The report of the dissenting members of the committee, Messrs. Johnson, Rogers and Grider, was an ably prepared document embodying at length the doctrines of the minority in Congress, composed of the Democrats and the few Republicans who still sustained the President. As a matter of course the argument was built upon the premise that the so-called Confederate States were never legally separated from the Union, but were bound by all the obligations and entitled to all the privileges of other States. “In its nature the government is formed of and by States possessing equal rights and powers.” A State cannot be held to have forfeited its rights. “To concede that by the illegal conduct of her own citizens she can be withdrawn from the Union, is virtually to concede the right of secession.”

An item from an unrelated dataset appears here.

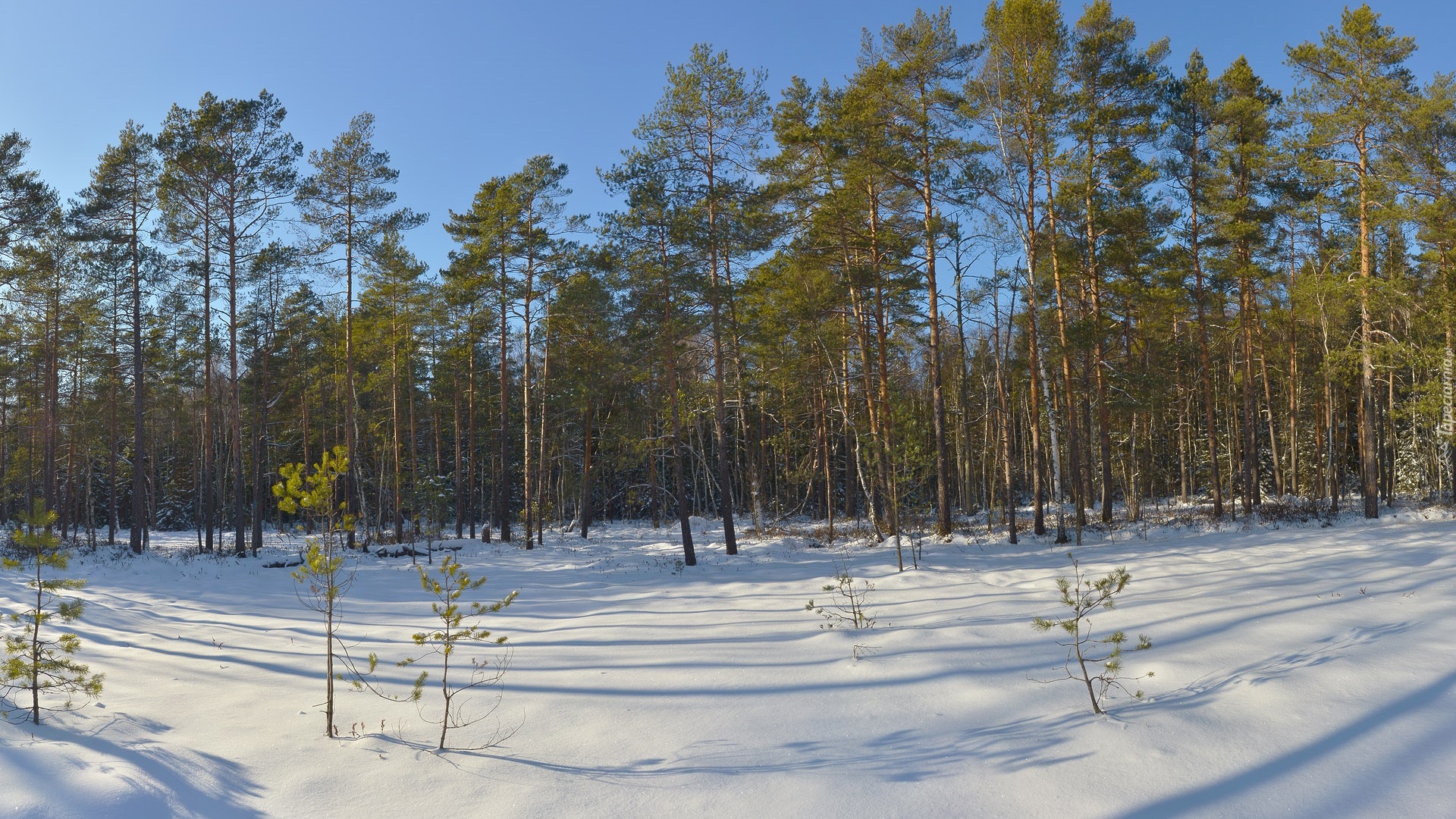 Edytor tapety: Sosny w zimowym lesie

Were the States out of the Union, the minority continued, the submission to them of the proposed constitutional amendment would be absurd; and such submission virtually conceded that the condition of the States remained unchanged. The constitutional power to suppress insurrection is for the preservation, not the subjugation of the State. “The continuance of the Union of all the States is necessary to the intended existence of the Government,” and a different principle leads to disintegration. The war power, as such, cannot be used to extinguish the States; the Government only seeks to suppress the insurrection, achieving which all the States resume their normal relations. The States now have organized governments, republican in form, and the manner in which they were formed is no concern of Congress. “Congress may admit new States, but a State once admitted ceases to be within its control and can never again be brought within it.” There is nothing in the political condition of these States justifying their exclusion from representation in Congress. The proposed amendment would degrade the Southern States, as it would compel them to accept either a lessened representation or negro suffrage. Further, it interfered with the right of every State to regulate the franchise; and, by joining several subjects and requiring them to be voted on as a whole, deprived the people of the opportunity of passing on this important question separately.

8. The Joint Committee on Reconstruction had already reported two bills and one joint resolution which in its report of June 18 were declared to be the fruit of its labors. These were introduced in the House by Mr. Stevens, April 30. The resolution proposed an amendment to the Constitution, which, as finally amended, became the 14th Amendment.[111] The two accompanying bills were entitled respectively: (1) “A Bill to provide for restoring the States lately in insurrection to their full political rights.” (2) “A Bill declaring certain persons ineligible to office under the Government of the United States.”